Où faut-il travailler ? : Écoles, collèges, lycées, université, centre de formation des apprentis, centres privés de formation d’adultes, clubs sportifs, centres culturels et notre carnaval…

Une prise de conscience de tous ces phénomènes par le plus grand nombre est important pour déconstruire la société machiste et patriarcale et ainsi mieux lutter contre les violences faites aux femmes. Il faut donc des politiques volontaristes à l’école. Les textes existent qui permettraient de construire un projet pédagogique, un plan clair afin que chaque école, chaque collège, chaque lycée intègre dans son programme de l’année ce thème avec les moyens votés au conseil d’administration. Et ceci aussi dans les centres de formation d’apprenti.e.s.
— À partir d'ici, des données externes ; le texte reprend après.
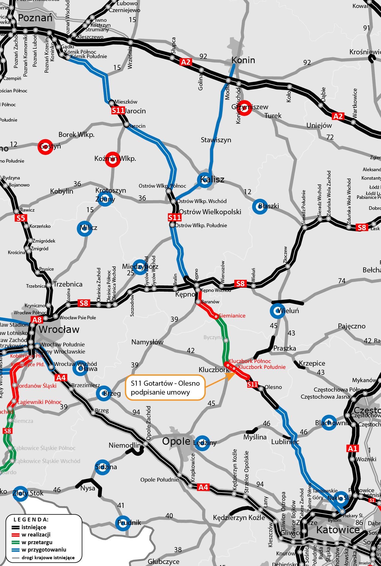 Podpisaliśmy umowę na budowę 10,5-kilometrowego odcinka S11 pomiędzy Gotartowem i początkiem obwodnicy Olesna. To jeden z trzech odcinków 46-kilometrowej trasy, który będzie realizowany w najbliższym czasie. Za przygotowanie projektu budowlanego oraz realizację prac w terenie odpowiedzialne będzie konsorcjum firm Mirbud (lider) oraz Kobylarnia (partner). Wartość umowy to 464,9 mln zł, z czasem realizacji 39 miesięcy (bez okresów zimowych, 16 grudnia – 15 marca, w trakcie prac budowlanych).
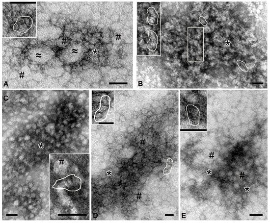 Representative images of complexes obtained by ultracentrifugation from different holothurian organs. (A)—coelomic fluid: #—spherical particles 20–30 nm; ≈—oval particles, up to 200 nm; *—an accumulation of small elements not organized into distinct structures. (B)—gut: stacks of “sticks” are shown in frames; *—accumulation of elements. (C)—respiratory trees: #—spherical particles; *—fine-grained material. (D)—gonads: #—spherical particles; *—accumulation of elements. (E)—body wall: #—spherical particles; *—fine-grained material. In all images, contours show stacks of “sticks”. Transmission electron microscopy, negative contrast. Length of scale bars corresponds to 50 nm.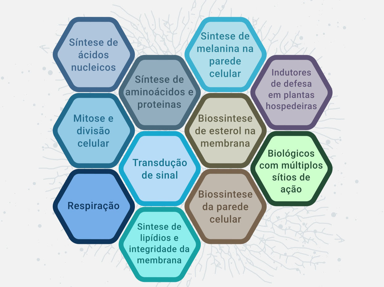 Figura 2. Modos de ação de fungicidas e sítios de ação, com base na classificação do FRAC-BR.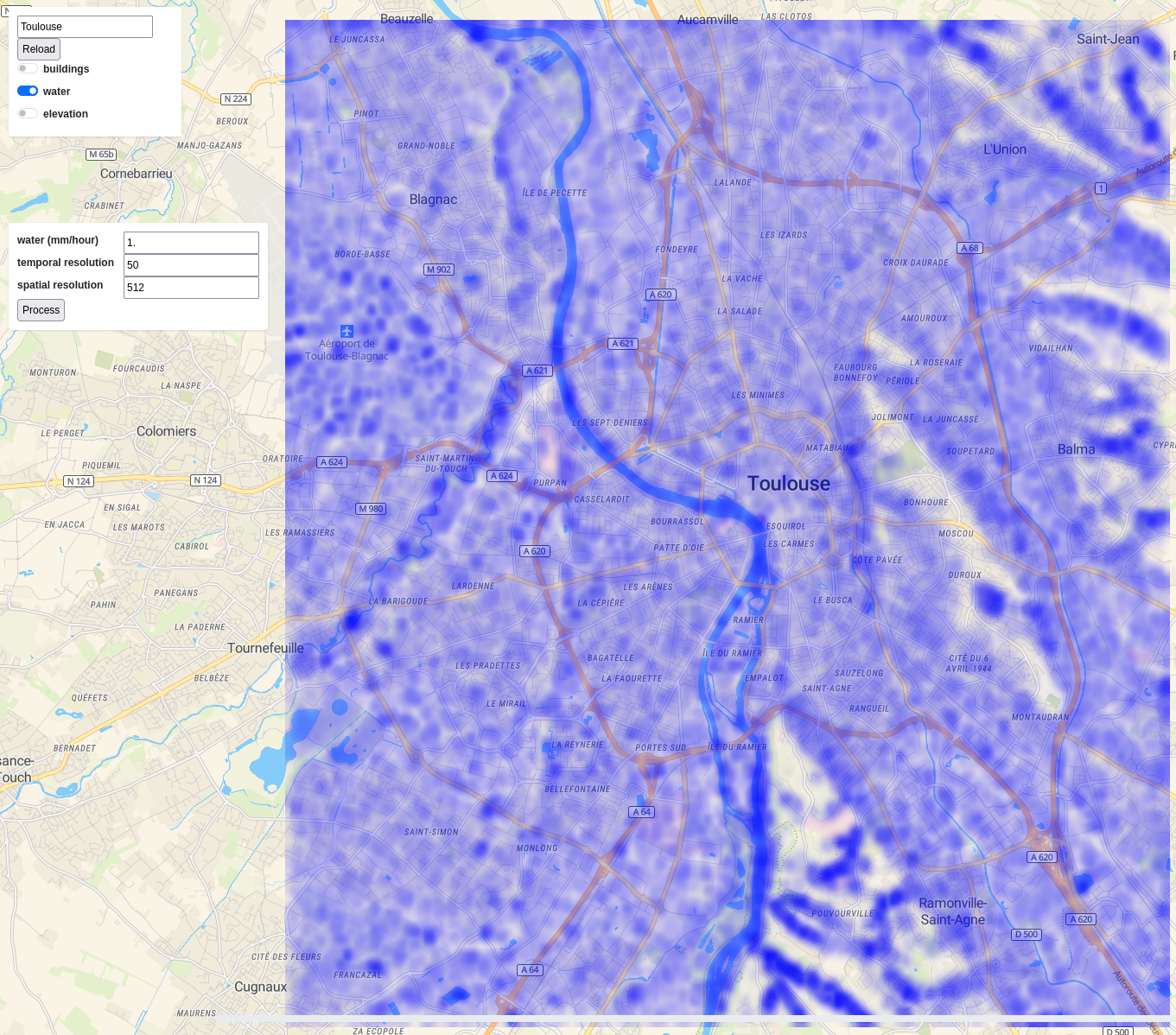 Le front-end est une interface utilisateur qui affiche une carte géographique avec une heatmap transparente représentant la quantité d’eau en surface au cours du temps. Cette interface permet aux utilisateurs de visualiser facilement les écoulements et d’identifier les zones à risque. Nous avons utilisé OpenMap Box pour créer une carte interactive où les utilisateurs peuvent zoomer, dézoomer et se déplacer pour visualiser les zones d’intérêt.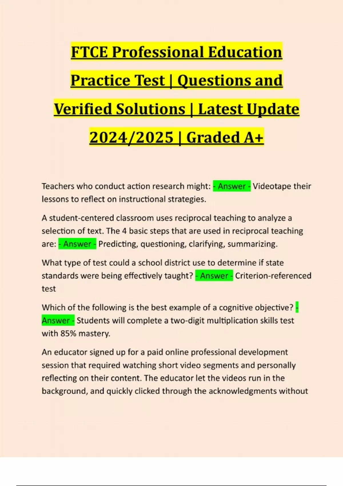 FTCE Professional Education Practice Test | Questions and Verified Solutions | Latest Update 2024/2025 | Graded A+ Teachers who conduct action research might: - Answer - Videotape their lessons to reflect on instructional strategies. A student-centered classroom uses reciprocal teaching to analyze a selection of text. The 4 basic steps that are used in reciprocal teaching are: - Answer - Predicting, questioning, clarifying, summarizing. What type of test could a school district use to determine if state standards were being effectively taught? - Answer - Criterion-referenced test Which of the following is the best example of a cognitive objective? - Answer - Students will complete a two-digit multiplication skills test with 85% mastery. An educator signed up for a paid online professional development session that required watching short video segments and personally reflecting on their content. The educator let the videos run in the background, and quickly clicked through the acknowledgments withoutcompleting the reflections. What portion of the Code of Ethics does this violate? - Answer - The obligation to the profession. Learning activities should always be based on: - Answer - specific objectives. An elementary reading teacher wants to get parents reading nightly with their children. The most effective way to do this while fostering parent communication is to: - Answer - Invit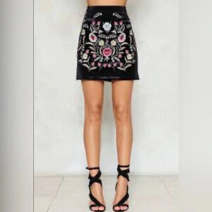 Say no more. This Eli skirt comes in velvet and features a zip closure, high-waisted, mini silhouette, and multicolored floral embroidery at front.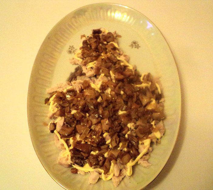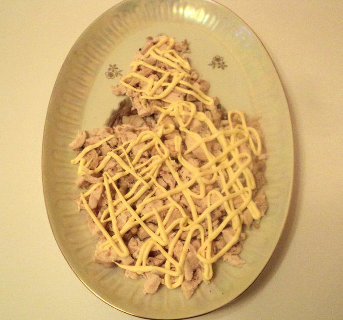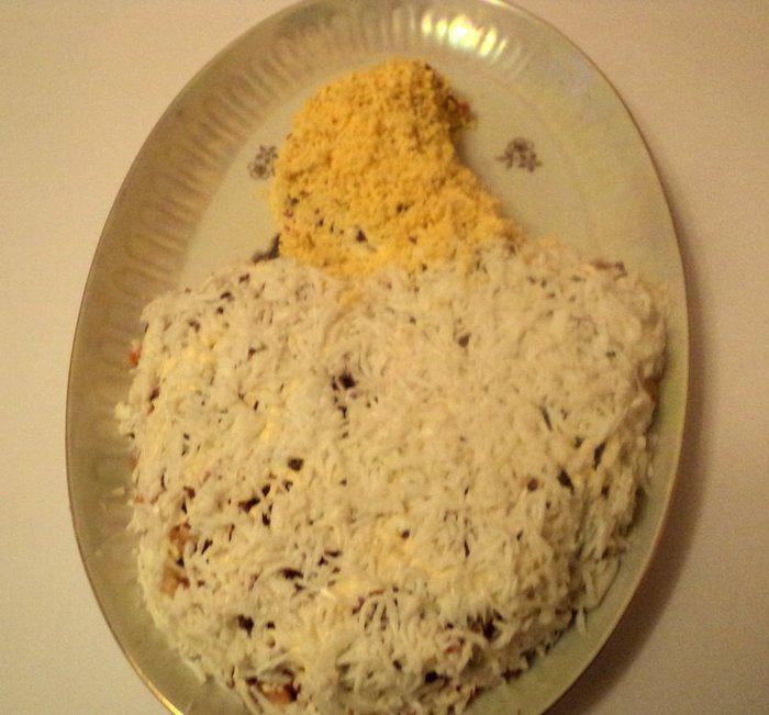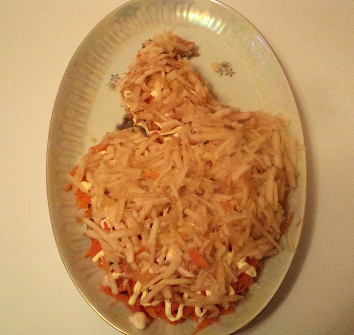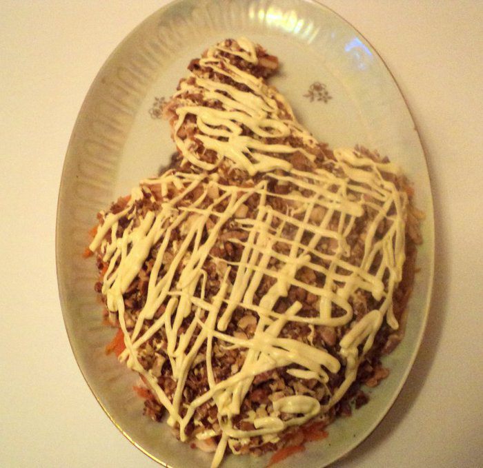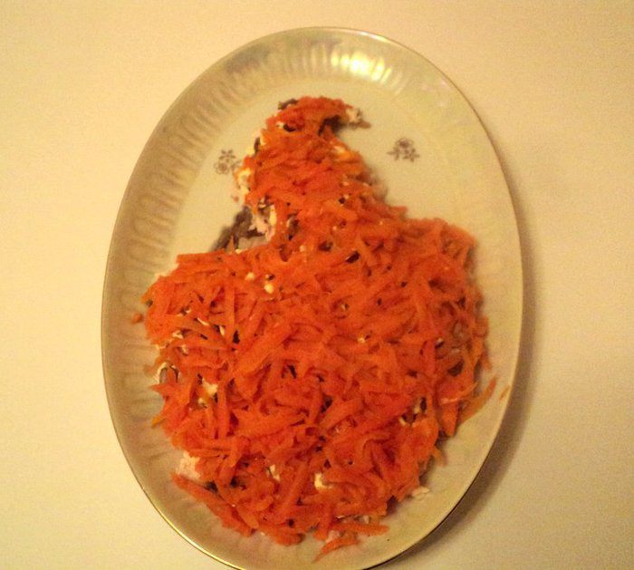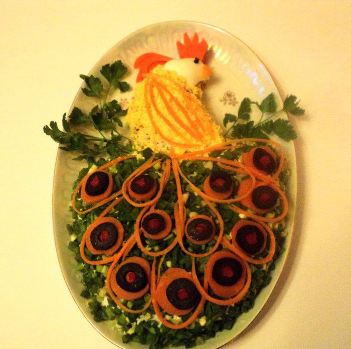 Из яичного белка вырезать голову жар-птицы, клюк, корона, перья на голове из вареной морковки, глаз – из гвоздички или черного перца. Зеленый лук мелко порезать и посыпать на белковый слой, смазанный майонезом. Из моркови, оливок, кусочков сладкого перца сделать хвост птицы, из петрушки – ветку на которой сидит птица. Дать салату настояться 2-3 часа в холодильнике и можно подавать. Приятного аппетита!

L’obligation devrait être faite par les services compétents d’introduire un module sur l’égalité femmes/hommes dans les programmes des centres privés de formation également.

Ajoutons aussi des interventions en direction des jeunes qui sont dans les clubs sportifs ou autre lieux de regroupement.

Pour répondre aux besoins, il faut enrichir les équipes d’intervention, donner les moyens aux associations qui existent et qui travaillent déjà dans ce sens pour qu’une véritable croisade soit mise en place.

Mais aussi les citoyennes et les citoyens doivent être vigilants.es et être en cohérence avec la colère exprimée quand une femme est assassinée. Par exemple, au carnaval, il nous arrive trop souvent, sous prétexte d’une légitime décompression, d’oublier nos valeurs de respect humain et de tolérance. Ainsi, nous répétons avec frénésie des chants machistes. Bien plus, l’année dernière, un homosexuel était bafoué, soumis à la risée. Cette année-ci, c’est une jeune femme qui se voit vilipendée et menacée d’un lynchage symbolique ! Ces pratiques ne peuvent être sans conséquences, elles laissent des traces et risquent de faire reculer la lutte contre les inégalités et contre le machisme.

Alors nous faisons quoi, nous disons quoi ? On s’arrête, on se pose, on se questionne et on prend, chacune, chacun, à bras le corps, dans notre quotidien, cette démarche.

DÉCONSTRUISONS CETTE SOCIÉTÉ PATRIARCALE ET MACHISTE !

C’est la condition de la lutte contre les violences sexistes.

Le vieux monde veut nous briser. Il n’aura pas raison de nous.